Dette publique estimée à 75,0% en mars 2023
En mars dernier, au terme d’une mission du Fonds monétaire international (Fmi), Edward Gemayel, chef de l’équipe révélait que la dette publique du Sénégal était estimée à 75,0 % de son Produit intérieur brut (Pib), dont 67,5 % du Pib pour le gouvernement central. Il en ressortait également que le déficit des comptes courants s’est considérablement creusé en raison principalement de l’augmentation des factures d’importations.

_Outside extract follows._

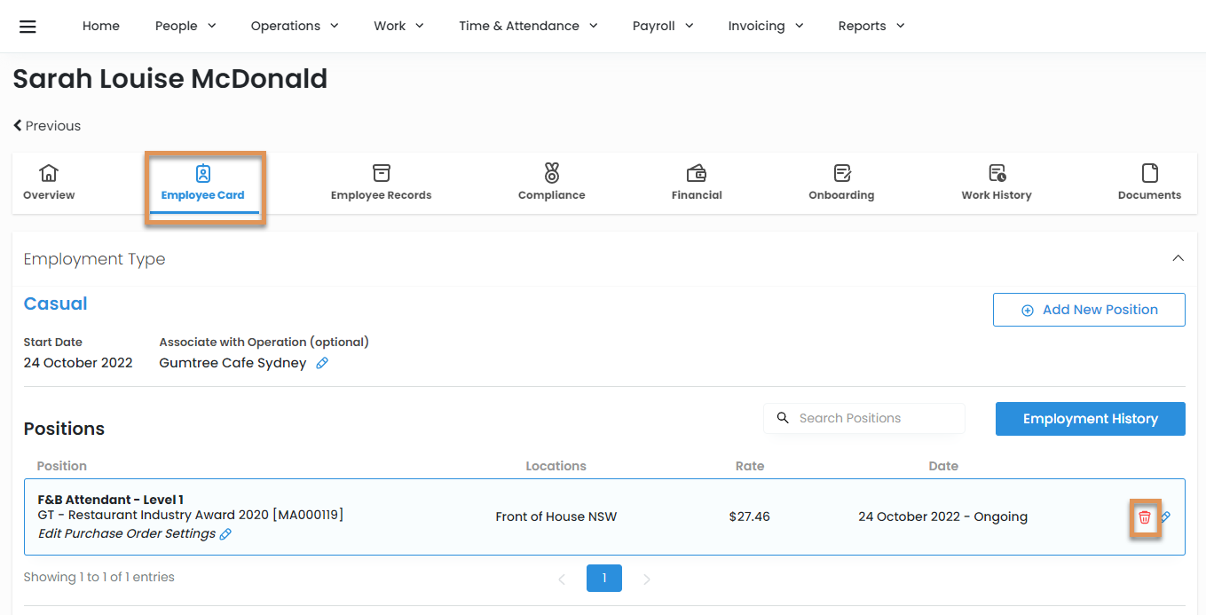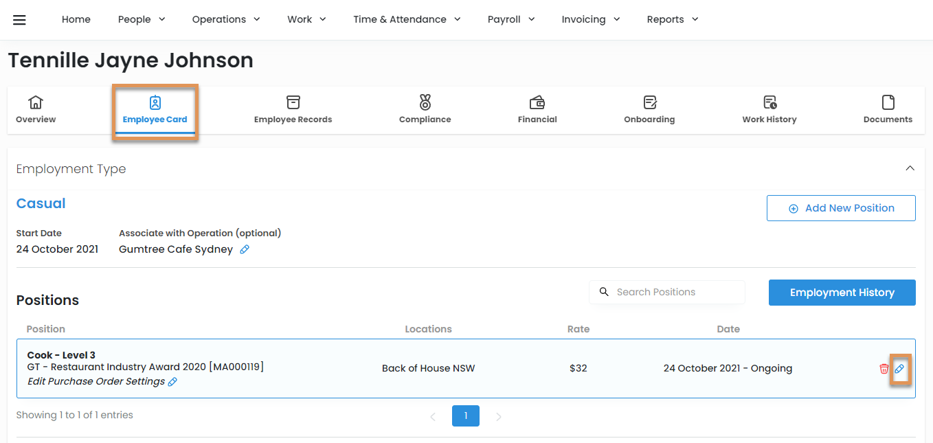 Sometimes, you may need to edit an employee's existing position/s. This could be due to a mistake in their pay rate, cost code, or an update or addition of locations.

Forts de ce constat, les premiers signes d’un resserrement des conditions de financement sur le marché régional des titres publics appellent à la « vigilance et à l’élaboration d’un plan de contingence », avait alerté le Fmi. Dans ce contexte, conseillait le Fmi « l’amélioration de la mobilisation des recettes fiscales et la rationalisation des dépenses publiques non prioritaires contribueront à atténuer les pressions financières, tout en préservant la viabilité de la dette ».

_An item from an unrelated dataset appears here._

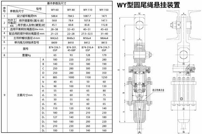 WY系列圓尾繩懸掛裝置主要由連接叉,上下連接銷軸、主吊桿、單向推力球軸承、繩頭連接套、連接螺桿、開槽螺母、連接套管、軸承套、深溝球軸承、密封圈等組成。在整體結(jié)構(gòu)上,可分為固定不動(dòng)的主吊桿和連接套通過連接螺桿連接支撐座。其間通過單向推力球軸承實(shí)現(xiàn)了自由轉(zhuǎn)動(dòng)。可以避免了平衡鋼絲繩扭繩現(xiàn)象的發(fā)生。

L’Etat s’enfonce dans les prêts
En mai dernier, le Fmi annonçait être parvenu à un accord avec le gouvernement sénégalais sur un programme d’aide de plus de 1,8 milliard de dollars pour soutenir les réformes destinées à renforcer la résilience économique du pays. Ce programme d’aide, d’une durée de 36 mois s’inscrit dans le cadre du mécanisme élargi de crédit (Medc) et de la facilité élargie de crédit (Fec), avec un accès à 1,526 milliard de dollars. Cet appui budgétaire est également combiné à un financement supplémentaire de 327,1 millions de dollars au titre de la Facilité pour la résilience et la durabilité, un mécanisme de prêt lancé par le Fonds monétaire international en 2022 pour aider les pays à revenu faible ou intermédiaire confrontés à des risques macroéconomiques tels que le changement climatique et les pandémies.

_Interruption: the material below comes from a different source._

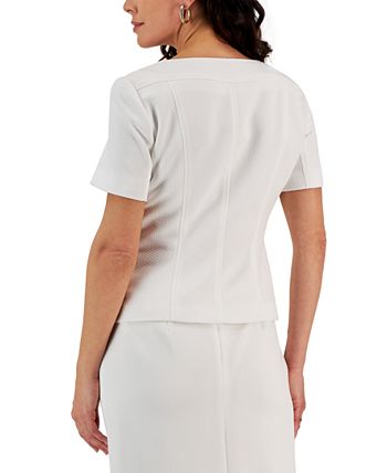 Kasper’s jacket adds a new twist to your workweek look with short sleeves, a square neckline and flap pockets.

A fin juin dernier, autrement dit peu avant la fête de la Tabaski, l’Etat du Sénégal a reçu du Fmi un appui financier aux politiques économiques, un financement conjoint de 1115 milliards de FCFA pour permettre à Dakar d’exécuter pendant trois ans de nouveaux programmes de développement. A ce montant viennent s’ajouter les importants financements bilatéraux octroyés par l’Union européenne (Ue) et ses Etats membres pour cette année et la suivante, dont 150 millions d’euros de prêts concessionnels par la France, 70 millions d’euros de dons par l’UE ou 68 millions d’euros de dons par l’Allemagne.